━━ DATASET CONTENT
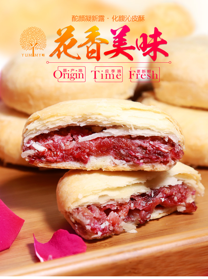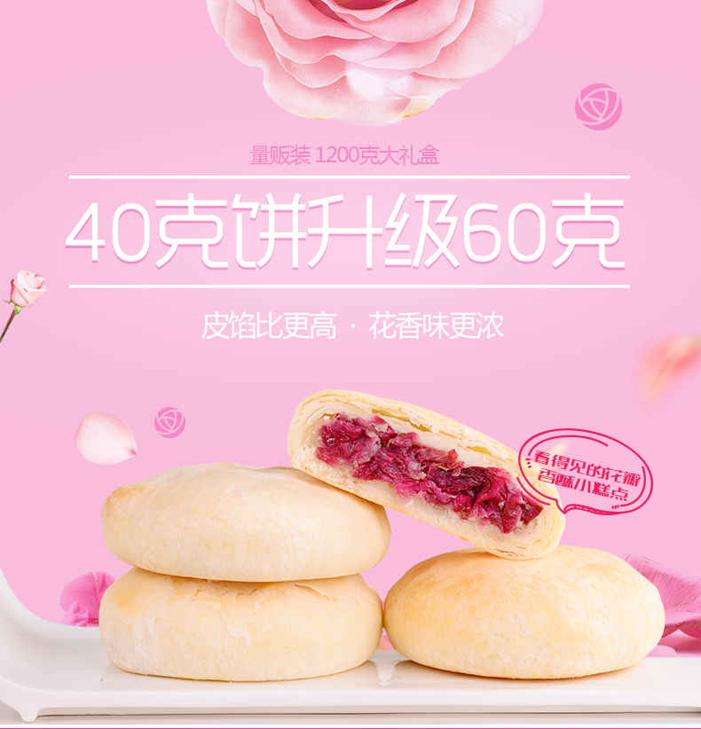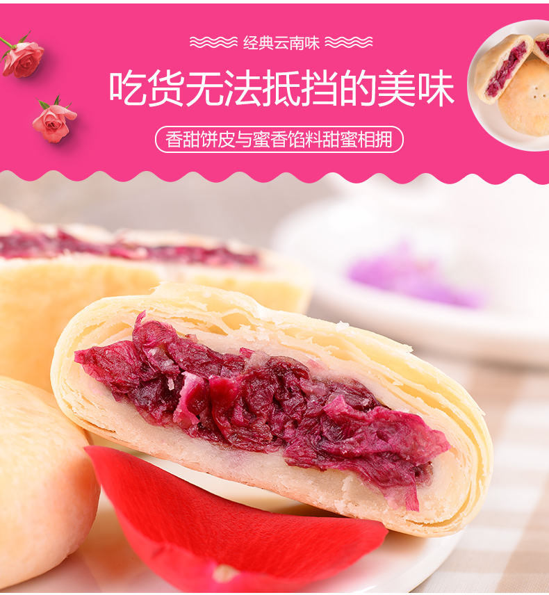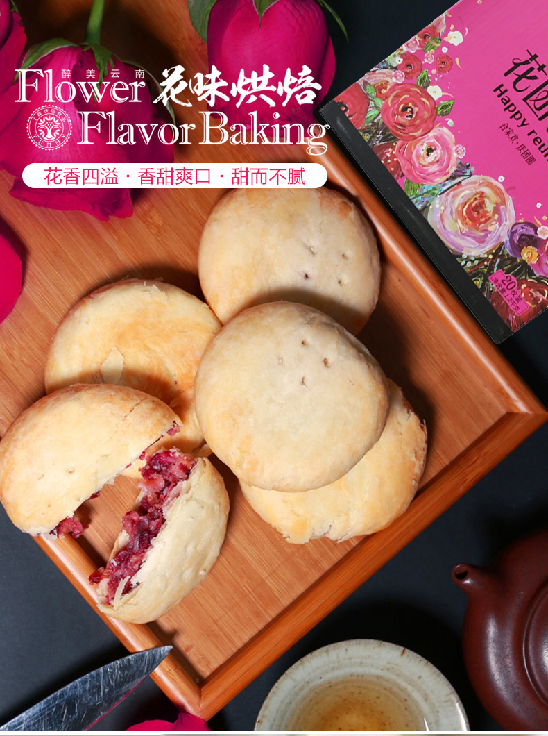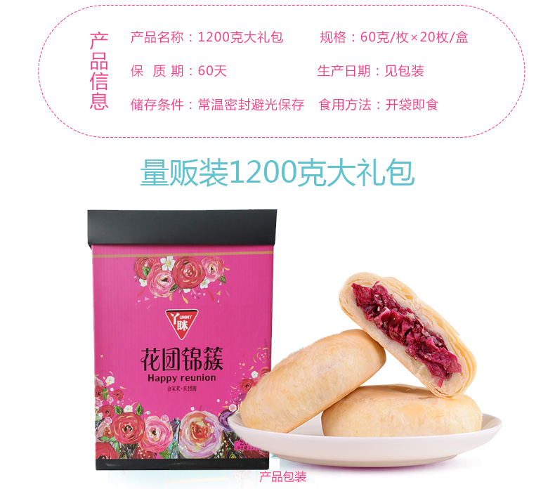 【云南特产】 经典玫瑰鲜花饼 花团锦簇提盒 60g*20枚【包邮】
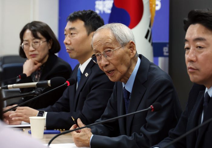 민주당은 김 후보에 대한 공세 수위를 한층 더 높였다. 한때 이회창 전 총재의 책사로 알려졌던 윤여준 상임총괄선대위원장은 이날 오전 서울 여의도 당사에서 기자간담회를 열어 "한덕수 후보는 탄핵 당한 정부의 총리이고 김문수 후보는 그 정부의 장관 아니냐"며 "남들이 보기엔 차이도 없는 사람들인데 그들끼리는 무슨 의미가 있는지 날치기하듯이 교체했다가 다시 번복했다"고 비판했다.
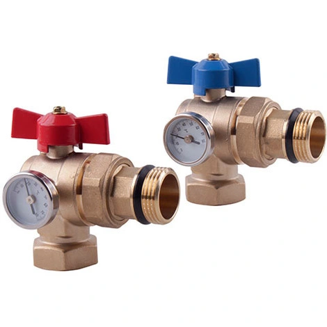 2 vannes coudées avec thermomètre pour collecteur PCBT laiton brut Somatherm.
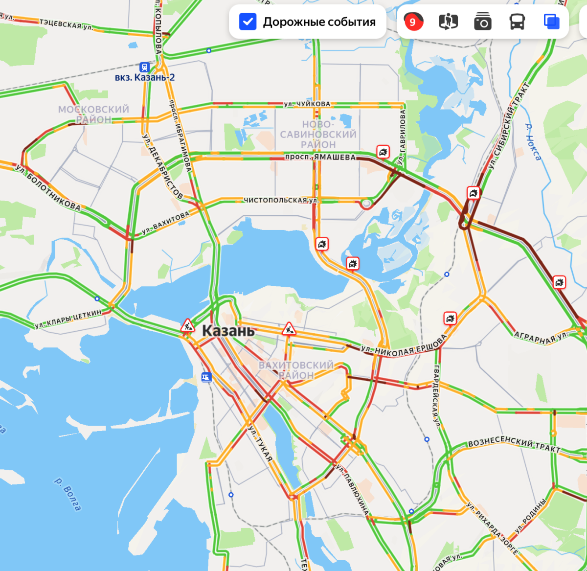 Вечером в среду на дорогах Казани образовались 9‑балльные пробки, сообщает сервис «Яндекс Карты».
━━━━
▸ **TO DO**
The answer should contain only the lines from the beginning of the material above through the line with "2 vannes coudées", retyped exactly, with the pictures removed.

▸ **ANSWER**
 【云南特产】 经典玫瑰鲜花饼 花团锦簇提盒 60g*20枚【包邮】
 민주당은 김 후보에 대한 공세 수위를 한층 더 높였다. 한때 이회창 전 총재의 책사로 알려졌던 윤여준 상임총괄선대위원장은 이날 오전 서울 여의도 당사에서 기자간담회를 열어 "한덕수 후보는 탄핵 당한 정부의 총리이고 김문수 후보는 그 정부의 장관 아니냐"며 "남들이 보기엔 차이도 없는 사람들인데 그들끼리는 무슨 의미가 있는지 날치기하듯이 교체했다가 다시 번복했다"고 비판했다.
 2 vannes coudées avec thermomètre pour collecteur PCBT laiton brut Somatherm.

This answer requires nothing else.